March 16, 2016 – It’s a passion he’s always had: advocating for those who can’t do so for themselves.
A public defender in Milwaukee who specializes in juvenile cases, Robert Mochel has been named as the 2016 Outstanding Young Lawyer of the Year, an experience he describes as “humbling.”
“There are many outstanding lawyers throughout the state who could have just as easily been selected,” Mochel said. Being selected for the award “speaks volumes to the training and opportunities with the Public Defender’s Office. I would not be where I am today without the oversight and mentoring I have received from all my colleagues at the Milwaukee Juvenile Office, especially Sally Barrientes.”
The seventh annual award, given by the Young Lawyers Division, pays tribute to a young lawyer who has made an impact in his or her practice area, in service to the State Bar of Wisconsin, and in service to the community. To be nominated, lawyers must be under age 36 or in practice for less than five years, and must be a member in good standing with the State Bar.
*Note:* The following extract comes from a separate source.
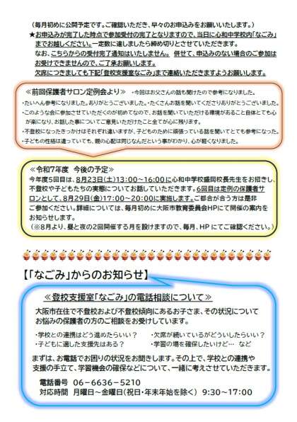 【大阪市内の保護者のみなさま】登校支援室なごみ主催 親子 DE サロン 公開日 2025/07/16 更新日 2025/07/16 お知らせ 不登校に関する不安や悩みをお持ちの保護者の方とお子さまを対象に、登校支援室なごみが7月26日(土)15時からイベントを行います。 カードゲームやボードゲームを親子で楽しんでみませんか。 詳細・申込については下記リンクをご参照ください。(申込は先着順) 親子 DE サロン いいね(0)

Dedicated to Working with Children
Mochel’s volunteer work was an outlet for this passion even before he became a law student, volunteering to work with children as a middle- and high-school student, and later as a college student.
“With my background in working with kids, I knew that no matter what career I chose, I wanted to work with that population,” Mochel said.
After majoring in social welfare and justice at Marquette University, he attended Capital University Law School in Columbus, Ohio, because of its specific program in juvenile and family law.
New Lawyers: Register by March 18 for Free Leadership Conference
Mochel will receive the award at the Seventh Annual Young Lawyers Leadership Conference on Friday, April 1, at the Monona Terrace Community and Convention Center in Madison.
The conference, sponsored by the State Bar of Wisconsin Young Lawyers Division (YLD), offers free CLE for all new lawyers regardless of age. The Young Lawyers Division is committed to providing leadership training and networking opportunities to members.
The program focuses on fostering the knowledge, skills, and motivation new lawyers need to become active members in the State Bar, local bar associations, and other public service organizations.
Find out more about the conference in this InsideTrack article, Feb. 3, 2016.
How to Register
Register by March 18 for this popular event and learn from judges, experienced practitioners, and your peers.
And after law school, he continued to pursue his path. “I was fortunate to be hired by the Wisconsin State Public Defender and assigned to their Milwaukee Juvenile Office. Through my work there, my passion for working with children and families has just continued to grow,” Mochel said. “As a public defender I provide a voice to the voiceless and represent some of the most vulnerable members of our society, and it is not something I take lightly.”
It is a learning experience for him. “Each client is unique, and has his or her own story,” Mochel said.
It is important to build trust and show he truly cares about the outcome of their case – including being available for them at any hour of the day or night. “As sad as it is, I have had many clients where, as their attorney, I am the most consistent adult figure in their life – and I only see them every few weeks at court,” Mochel said.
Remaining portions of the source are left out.